Indian Colleges Should Invest In Skills, Not Acres
While some privileged Indians have found their way up the ladder in our education system, there are many who still lack access to quality education in India
While some privileged Indians have found their way up the ladder in our education system, there are many who still lack access to quality education in India. How can we bridge this existing gap? How can the status quo be changed? Panelists at the BW higher education conclave deliberated the need of right investment in education in India to bring the change. A change which requires the right type of investment aimed at the right group of people so that they can access education in India just like other privileged citizens of the country. A change targeted towards quality of education and a change targeted towards making global leaders.
Farhan Pettiwala, President Enactus India, forwarded his points by mentioning how fundraising teams should be a part of colleges and how the process is already pretty active in most developed countries. Mr. Pettiwala does take a pertinent stand. Indian colleges lack structured fundraising teams directly translating to lack of appropriate funds for students. The situation finally leads to colleges increasing their fees.

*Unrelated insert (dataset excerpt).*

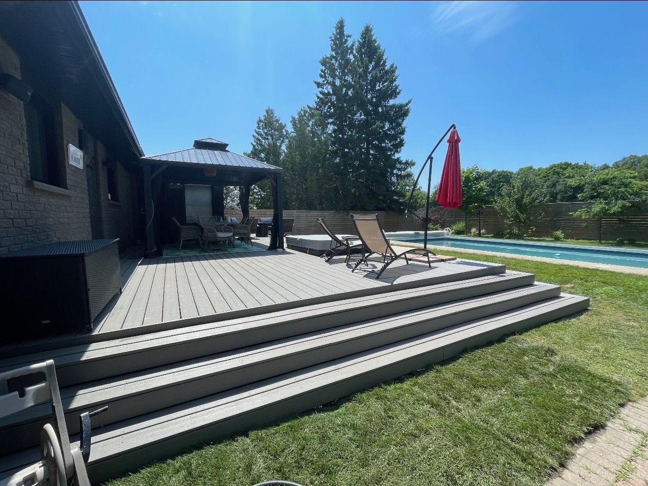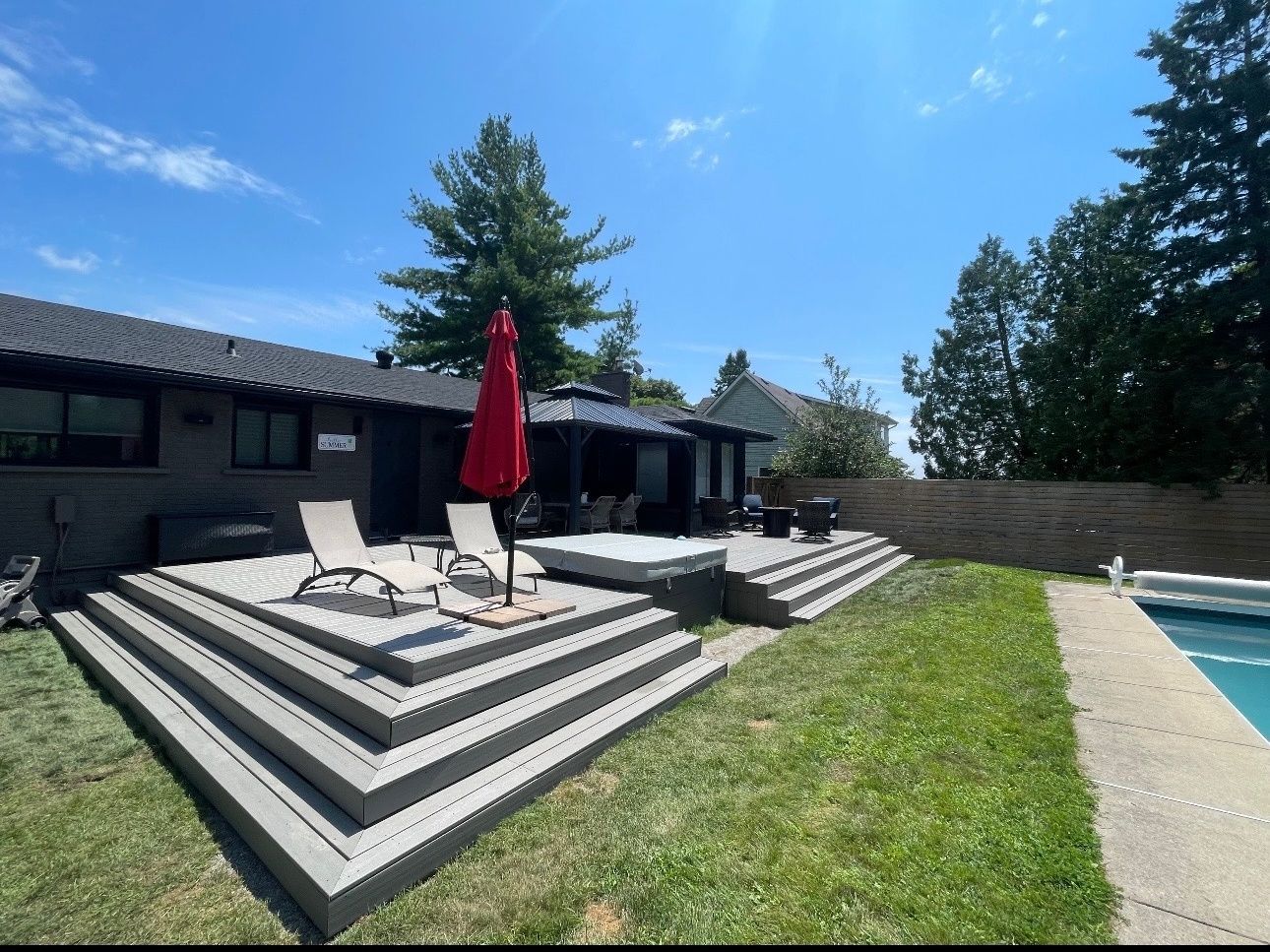 • Private backyard oasis featuring an in-ground pool and hot tub.

Ajay Bohora, CEO and Co Founder, HDFC Credila added, “Funding is extremely critical for quality of education”. While we have large discourses on those who are left out of the education system, there are many who have managed their way inside and are still not getting quality education. The argument focuses on the fact how investments need to be selectively also directed towards the quality of education in India.

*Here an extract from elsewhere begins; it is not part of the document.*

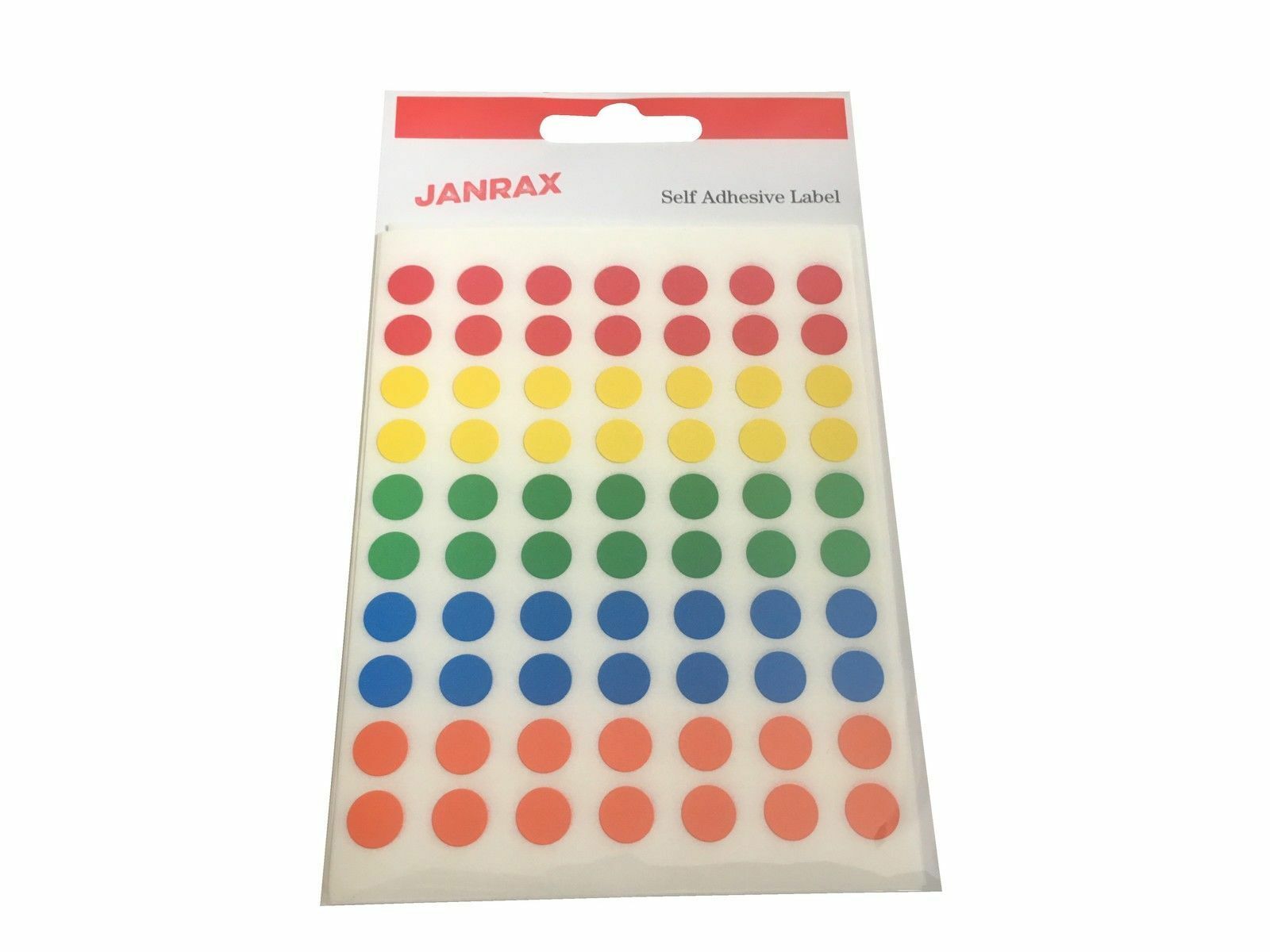 Pack of 560 8mm Self Adhesive Assorted Round Labels by Janrax. Great for Luggage or Parcels, Labelling, Notes, etc. Size 8mm.

Augustus Azariah, Director HR, IBM India added another point to the discussion, “It is important to understand where industry and technology are going and hence direct investments adhering to the same”. Automation and AI have really given a reality check to course curriculum in India. Investment in developing right type of courses hence becomes really important and pertinent especially for a developing country like India.
It can be certainly inferred from the above discourse how merely investment doesn’t do the job, but it is the right kind of investment directed towards the right target, which can surely make India a global hub for education and produces leaders that are not only recognised nationally but globally.